Before I go any further, I want to make it clear that I don't expect anything to change overnight. I think that Google Instant is a very important step forward in online content discovery, but I don't want to overreact and make it seem like this will change your life in any immediate way. It's cool, but not that cool.

Ok, so let's go over why search exists in its current form. Back in the day, the world wide web was basically just a collection of files on different servers across the world. There were so few web pages out there that people would make lists of the pages that they liked most, and then visitors could browse these lists to find new content. This is how Yahoo got started.

Eventually there was so much content on the internet that people couldn't realistically browse it all. It was so overwhelming that companies like Yahoo had to allow users to search for specific information. Online search was born, and the idea of "browsing" the internet was pretty much dead. There are still a number of sites that enable discovery of new content through browsing (news sites, Digg, Reddit, etc) but no site has managed to allow users to browse all the content on the web. For the past 15 years, the only good way to find information across the entire internet was through search.

Search is better than browsing in a lot of ways, but it also has some limitations. The good thing is that since you can enter whatever keywords you want, you always find content that is relevant to your interests. The problem is that you can't search for things that you don't already know about, so search isn't a very good way to discover content about new topics. Maybe there's a political issue that you would find interesting, but if you don't know to search for it, you'll never learn about that topic from Google.

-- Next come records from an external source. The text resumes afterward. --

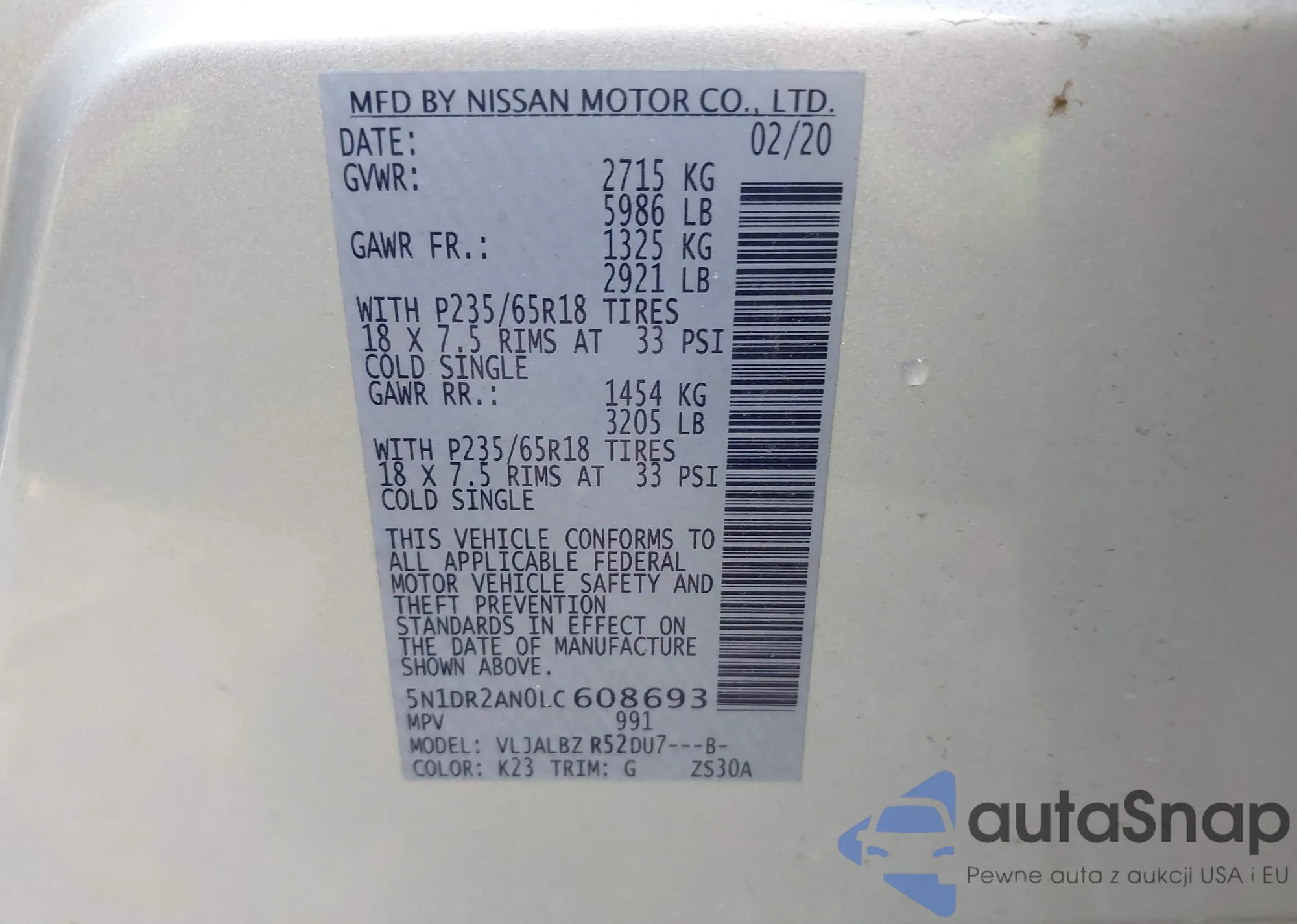 Автомобиль Nissan Pathfinder 2020 (VIN 5N1DR2AN0LC608693) ранее не участвовал в торгах. Документы чистые, пробег соответствует или ниже среднего по рынку. Продаётся страховой компанией — рекомендуем покупку. Доставка в порт займет около 6–8 недель.
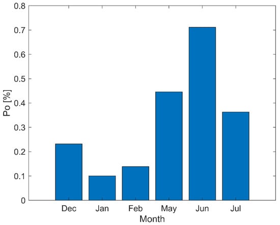In Figure 21 the outage probabilities are shown for the three rainiest and the three driest months as we expect that the rainier months should have a greater outage probability. Figure 21 shows that the rainier months indeed have a greater outage probability which comes from worse weather conditions on average (Po: 0.1–0.25% in good weather conditions, 0.35–0.7% in bad weather conditions).
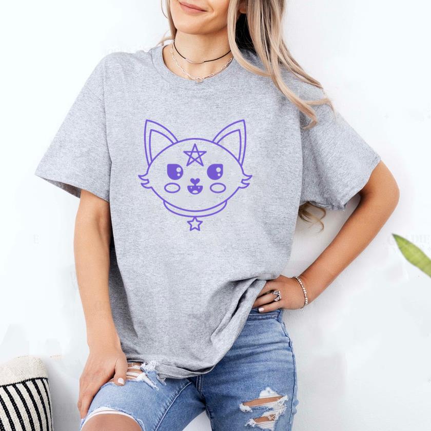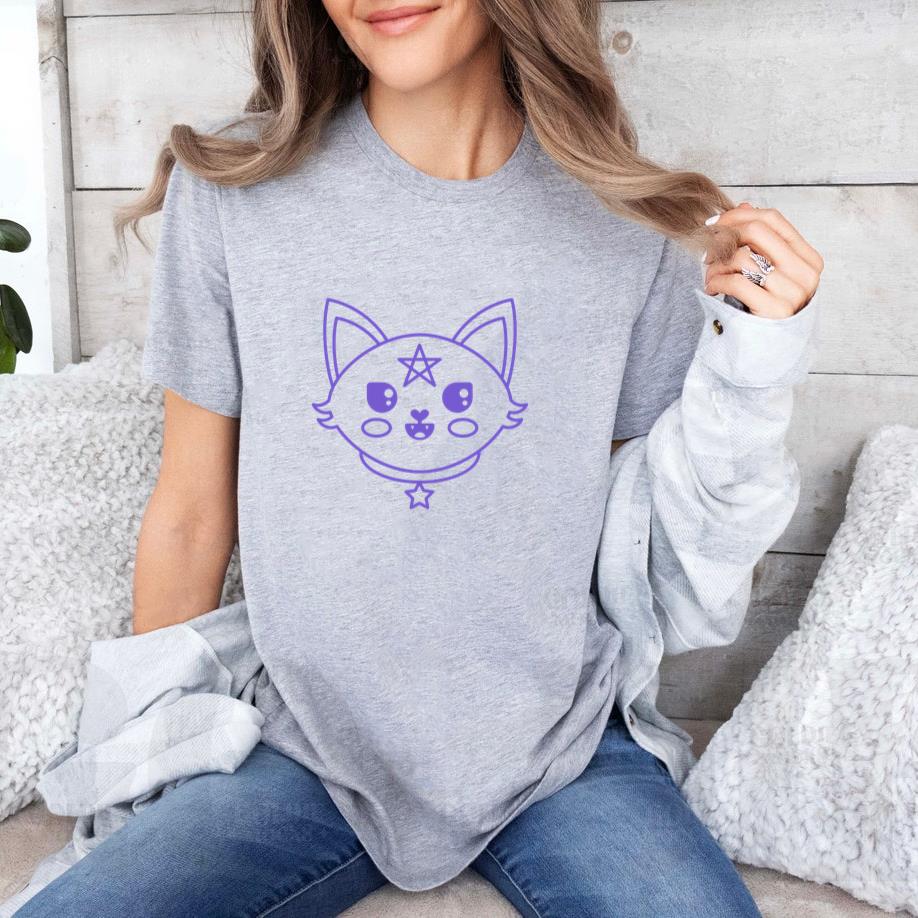 Comfy, casual, and always in style, this Purple Cat With A Star On Its Head T-Shirt T-shirt is perfect for daily wear or easy gifting.
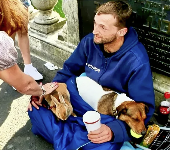 He lived on the bridge. Not by choice, but by circumstance—the kind that leaves you with nothing except the beings who stay loyal when everyone else has walked away. His family was a dog and a rabbit. Strange companions, maybe, but they were his. And they stayed.
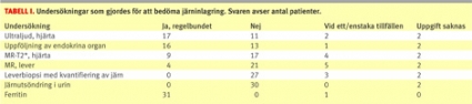 Undersökningen som utfördes i störst omfattning var ultraljudsundersökning av hjärtat, hälften av patienterna undersöktes årligen. Den nya magnetresonans(MR)metoden med T2*-teknik för undersökning av järninlagring i hjärtat finns att tillgå på några större sjukhus. 30 procent (9/30) undersöktes regelbundet. Endast 13 procent (4/30) genomgick MR-undersökning av lever. Leverbiopsi med kvantifiering av järn förekom endast vid enstaka tillfällen för ett fåtal patienter. Järnutsöndring i urin undersöktes inte någonstans. Bentäthetsmätning eller annan skelettundersökning utfördes på 10 procent (3/30) av patienterna. Endokrina organ följdes regelbundet upp i 53 procent (16/30) av fallen. För 23 procent (7/30) av patienterna gjodes inga regelbundna undersökningar av järninlagringen utöver ferritin. Deferoxaminbehandling innebär risk för ögon- och hörselbiverkningar [2, 6], men endast 67 procent (18/27) följdes upp av ögon- och öron-, näs- och halsläkare avseende biverkningsrisken.
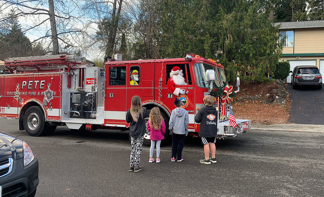 Over the course of a weekend, Santa Claus and Mrs. Claus accompanied South King Fire members and City of Federal Way employees on a tour Dec. 4-7 throughout various local neighborhoods, riding in engines decked with Christmas lights.
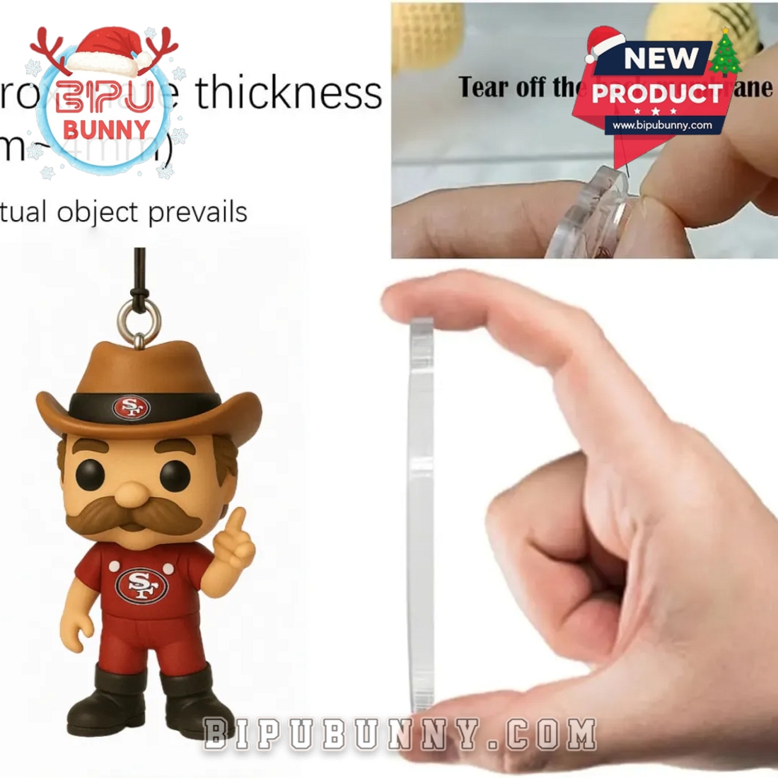 Inside, the calendar holds 24 compartments, each hiding a unique collectible ornament. The collection includes miniature figures of beloved 49ers players, a festive snowman, a Christmas tree, and various team-themed decorations. Each ornament is meticulously detailed, with the team logo prominently displayed and designs that blend football with Christmas cheer. Some items even feature fun additions like a football helmet or jersey-wearing Santa figures.
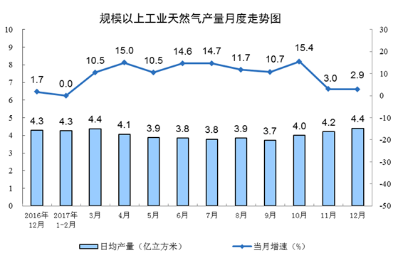隨著煤炭減量替代政策的實(shí)施、“煤改氣”工程的推進(jìn),國(guó)內(nèi)天然氣消費(fèi)需求量持續(xù)攀高,12月份,天然氣產(chǎn)量136.1億立方米,月產(chǎn)量為歷史新高,同比增長(zhǎng)2.9%,增速與11月份基本持平;日均生產(chǎn)4.4億立方米,比11月份增加0.2億立方米。1-12月份,天然氣產(chǎn)量1474.2億立方米,同比增長(zhǎng)8.5%。

So that's where the world is right now. You can use Google or Bing to search for information that you already know about, or you can go to a news site or social bookmarking site to learn about totally new topics. Browsing and search are two totally different processes, each with strengths and weaknesses. I think that Google Instant has the potential to change that over time.

Google Instant is all about predicting your search terms. You start your search, and Google immediately shows you results that might be what you're looking for along with other search terms that seem related. This means that every time you do a search, you'll almost certainly end up seeing suggestions for popular topics that you weren't actually searching for. And since you can easily scroll through the suggested topics, you end up being exposed to a much broader spectrum of content than you were with traditional search. What would have been one simple search query can now turn into hours of new discovery. All of a sudden, search and browsing seem to be merging together.

Does Google Instant make browsing-focused websites obsolete? Not at all. Instant is still miles away from truly combining search and browsing, but it's a step in the right direction. Now imagine if Google can incorporate social bookmarking, trending news, and even editorial suggestions into their suggested topics. Online search is still in its infancy, and I can't wait to see what's next.

Note: I realize that search engines have had suggested search terms pop up as you type your query for at least a year or two. That's similar to what Google Instant does, but the suggestions seem much more accessible now. This is more of a UI distinction than a technical one.